The other problem with setting the game in 2008 is the music restrictions. In Vice City the game was pumped up with 80s music for the nostalgia factor. In GTA IV it's difficult to know exactly what music defined the decade, so there's a big variety, most of it sucking because Rockstar probably didn't have the rights to play anything from that time. There's quite a lot of chatshows, which brings me onto another long standing GTA grudge - every time you turn on the console the radio starts from the same position, so you hear the same conversations time and time again. Surely we can fix that these days.

But despite the many weird choices and design flaws, GTA IV still ends up being one of the best games ever conceived.
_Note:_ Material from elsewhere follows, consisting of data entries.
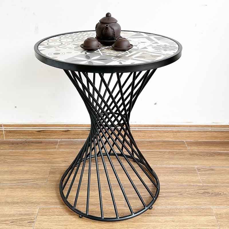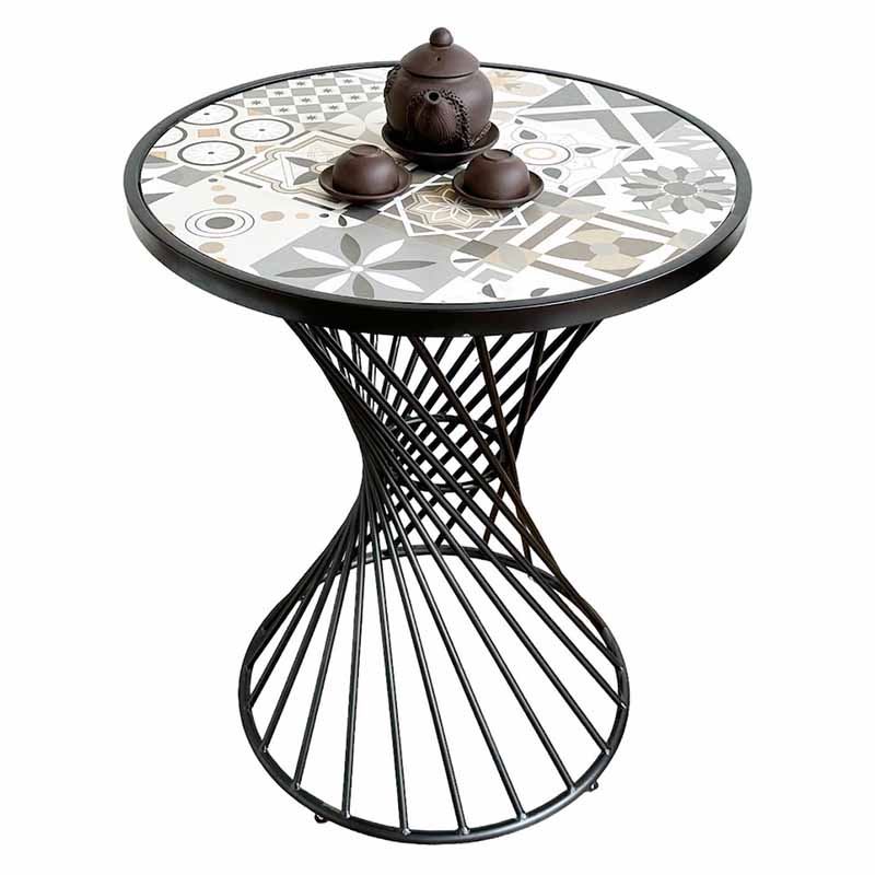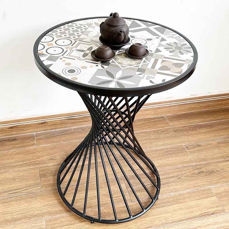 Bàn cafe tròn mặt gạch men chân sắt CFD68148 với mặt bàn gạch men với thiết kế nhiều họa tiết thú vị, bên cạnh đó mặt bàn dễ lau sạch sẽ khi mặt bàn dính nước. Kết hợp với mặt bàn hoa văn là chân sắt được thiết kế với phần chân bàn là các thanh sắt tròn đan xen theo hình tròn uốn lượn độc đáo. Với thiết kế đơn giản, gọn nhẹ chiếc bàn này có thể để được ở bất kỳ vị trí nào từ những quán cà phê có không gian nhỏ, hẹp đến góc tường, ban công hay cạnh cửa sổ nhà bạn.
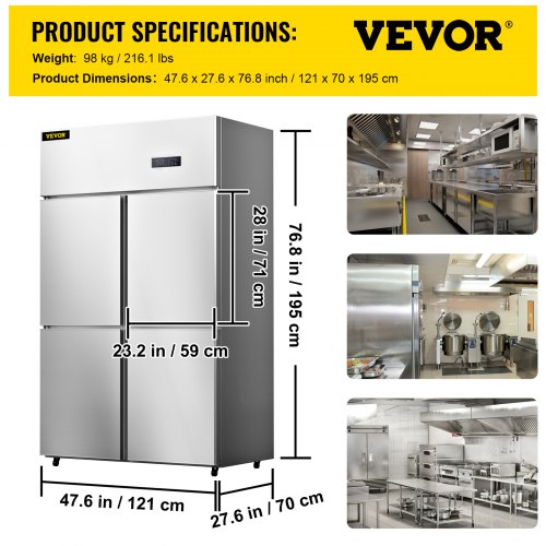 VEVOR Frigorifero Americano da 121 x 70 x 195 cm, Frigo da 4 Porte in Acciaio inox Volume da 780L, con compressore da 272 W per Basso Rumore, Uso per Negozi, Ristoranti, Hotel e Fabbriche Alimentari
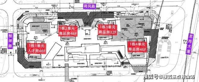 北区:由4栋总高32-46层的住宅组成,总规划837户(其中商品房591户+人才房246户),地下3层,停车位961个(占比1:1.15)。
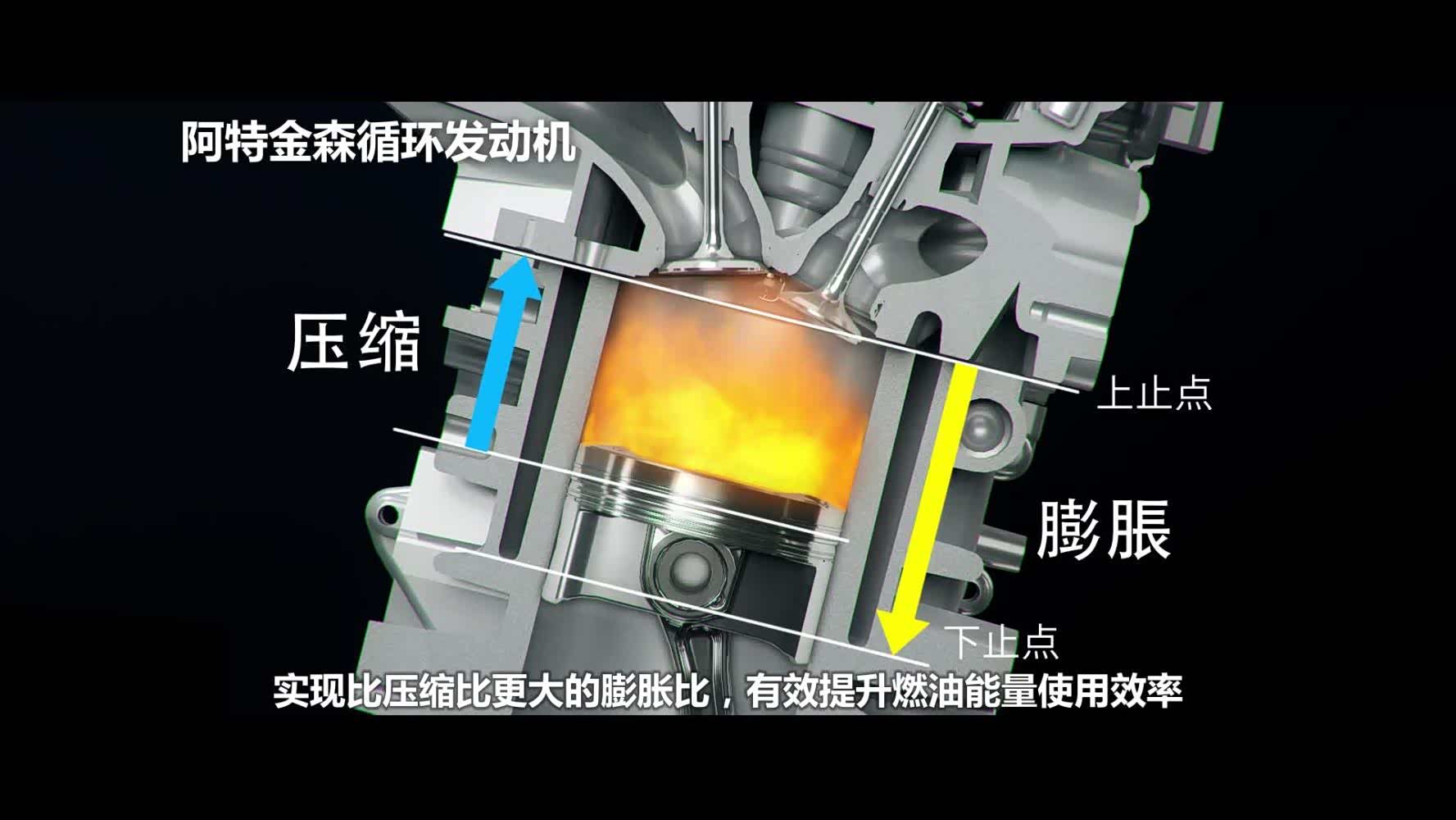 先说阿特金森循环。目前,把阿特金森循环发挥到极致的是丰田和马自达。阿特金森循环的实质就是膨胀比大于压缩比。采用进气门晚关的方法,让缸内的混合气被压回进气管一部分,这样活塞的加速做功冲程就长于压缩冲程。所以,阿特金森循环的好处就是发动机的效能更高,也就是热效率更高。
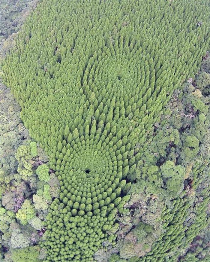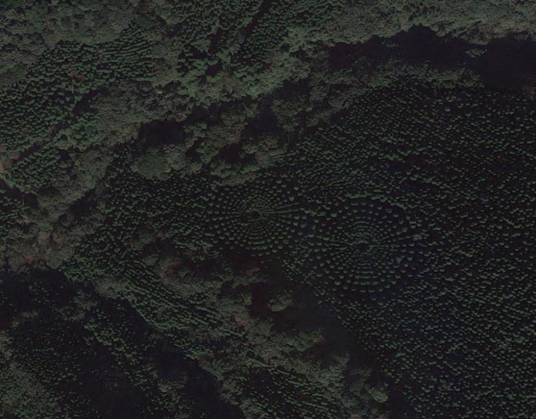 2018年,有人在Google地图上发现了两个神秘的树木怪圈,位于日本宫崎县,这里种植着一大片日本柳杉(Cryptomeria japonica)。
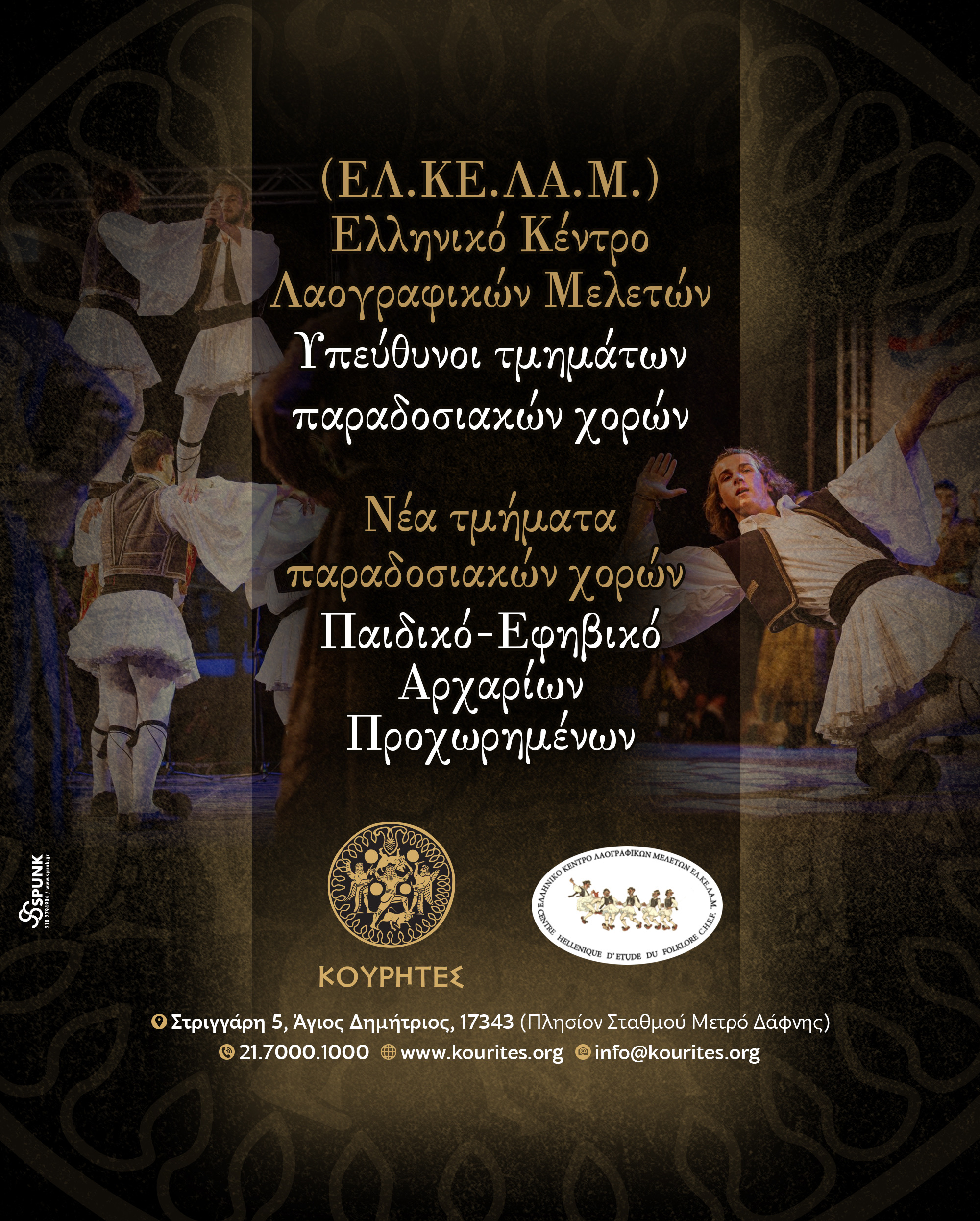 Με ιδιαίτερη χαρά και ενθουσιασμό σας ανακοινώνουμε τη νέα μας συνεργασία με το Ελληνικό Κέντρο Λαογραφικών Μελετών (ΕΛ.ΚΕ.ΛΑ.Μ), έναν οργανισμό με μακρά και αξιόλογη πορεία στον χώρο του παραδοσιακού χορού και της λαογραφίας. Από την επόμενη χορευτική χρονιά 2024-2025, όλα τα τμήματα των παραδοσιακών χορών στους ΚΟΥΡΗΤΕΣ θα πραγματοποιούνται υπό την καθοδήγηση του έμπειρου χοροδιδασκάλου και ιδρυτή του ΕΛ.ΚΕ.ΛΑ.Μ, κ. Βασίλη Δημητρόπουλου.
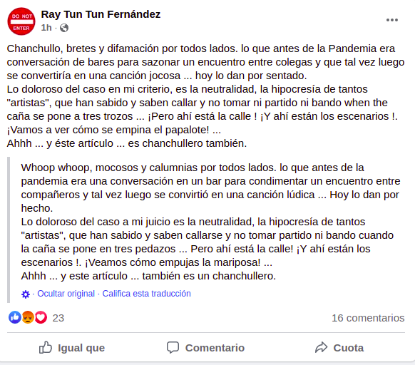 En otra publicación, el trovador ataca a los medios independientes cubanos que hicieron eco de la denuncia contra Bécquer. “Se ofrece sustanciosa recompensa por la captura de estos dos elementos… favor de informar a El Estornudo, o Periódico Cubano, en caso de tener noticias sobre ambos, no importa que sean falsas, las pagamos igual”, expresó Fernández junto a una foto de su colega.
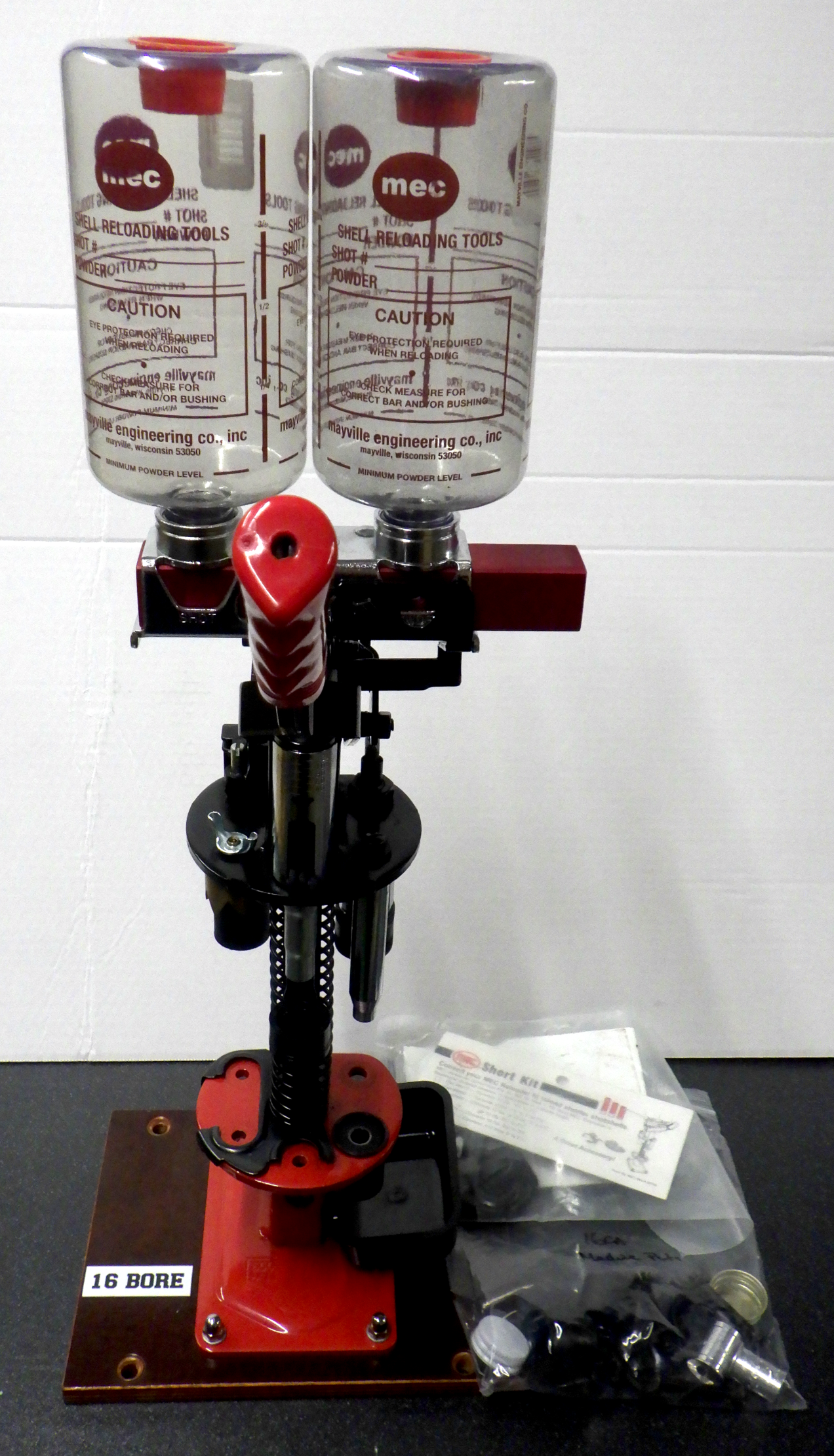 MEC 16GA 600JR Single Stage Loader - This loader is 2nd hand but very clean and looks nearly new. Comes complete with 3 x powder bushings, 28g Lead Shot Charge bar, Brass Crown Crimer and Short Kit for loading 2 1/2" Cartridges.
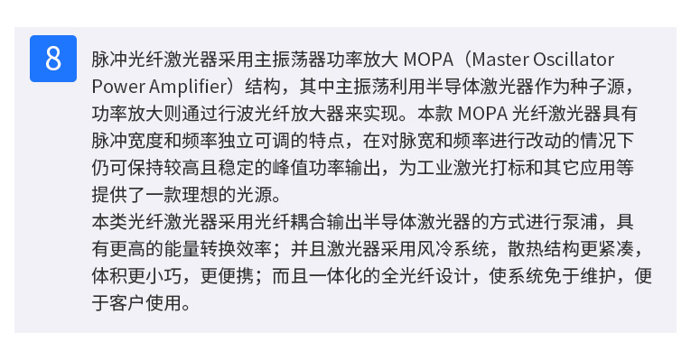 环球(中国)官方网站-登录入口激光TFL-80SW振镜激光焊接机,采用主振荡器功率放大 MOPA(Masrer Qscillator Power Amplifier)结构,实现脉冲宽度和频率独立可调的特点,在对脉宽和频率进行改动的情况下仍保持较高且稳定的峰值功率输出,适用于电池、小五金等多个行业的激光打标、激光焊接应用。
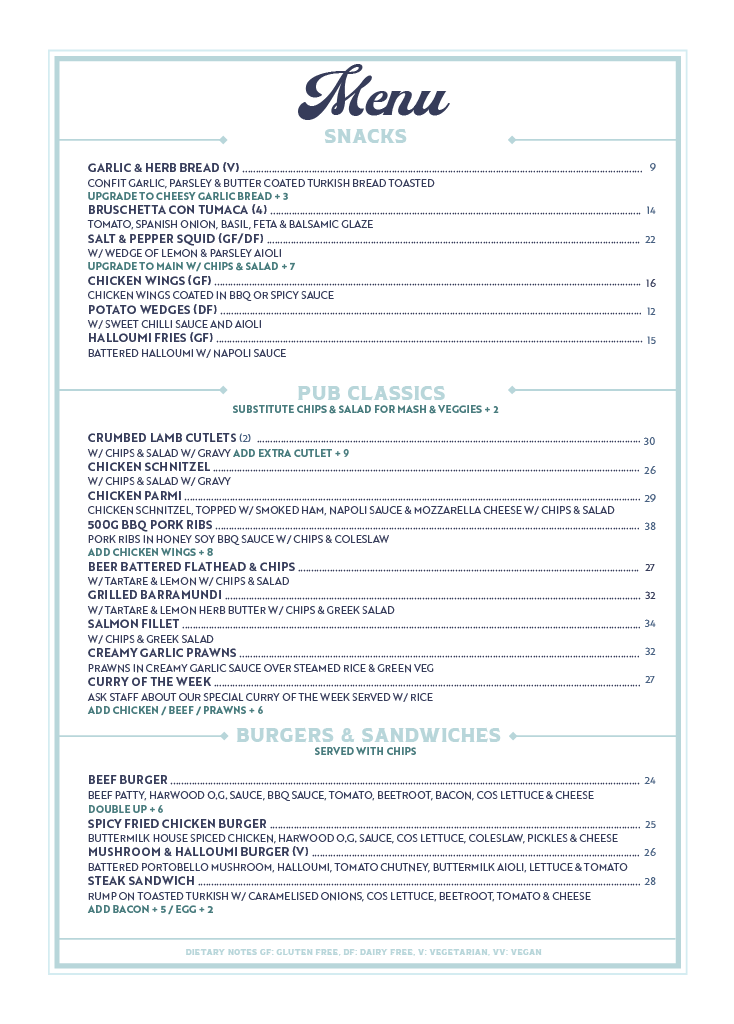 MENU View PDF Menu Function Menu Wine Menu PDF $15 Daily Specials $15 RUMP STEAK $15 CHICKEN SCHNITZEL $15 FISH & CHIPS
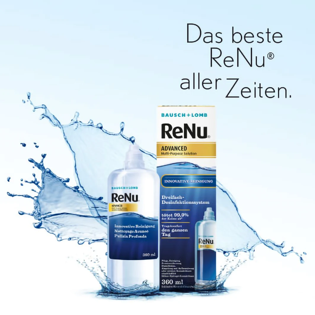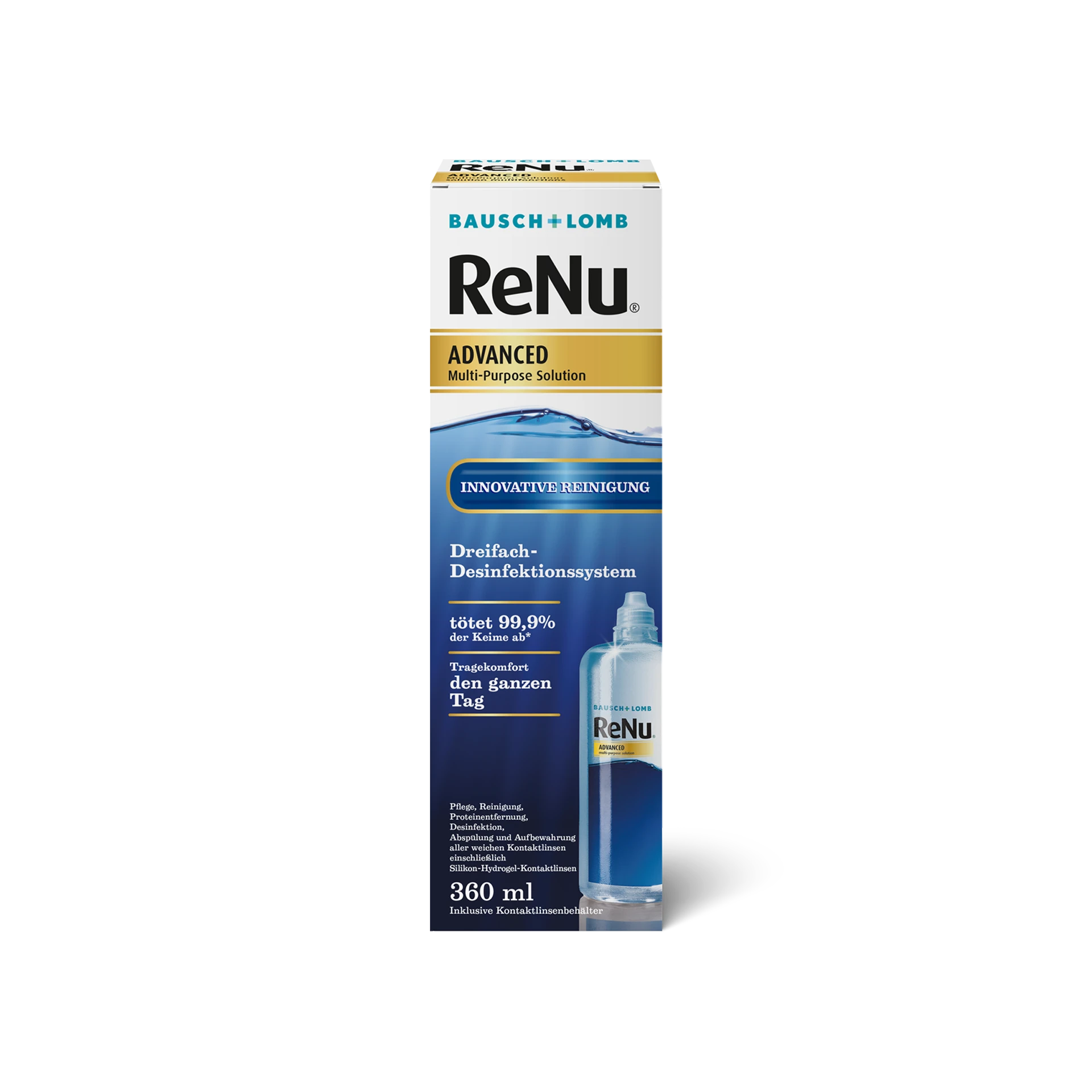 ReNu Advanced bietet nicht nur eine hervorragende Reinigung, sondern kann auch zum Abspülen verwendet werden. Darüber hinaus verfügt es über ein verbessertes Befeuchtungssystem, das ganztägigen Tragekomfort gewährleistet.

It has ten minutes worth of credits, so it's clear an enormous amount of effort went in to creating all of its in game content. In fact, the game manages to be "bigger" despite having a smaller map to work with, it's just let down by the fact important features were taken out. It's a generally fun game to play and I can only sit here and criticise it because the last two titles were video game legends. The multiplayer mode is probably great too.

I'd place good money on the idea that the next game will fix up most of these issues, anyway. Considering there were eventually five PS2 GTA games released for the console, I'd like to think another GTA game (that isn't an expansion pack) will show up before this generation is done. And it'll probably be perfect.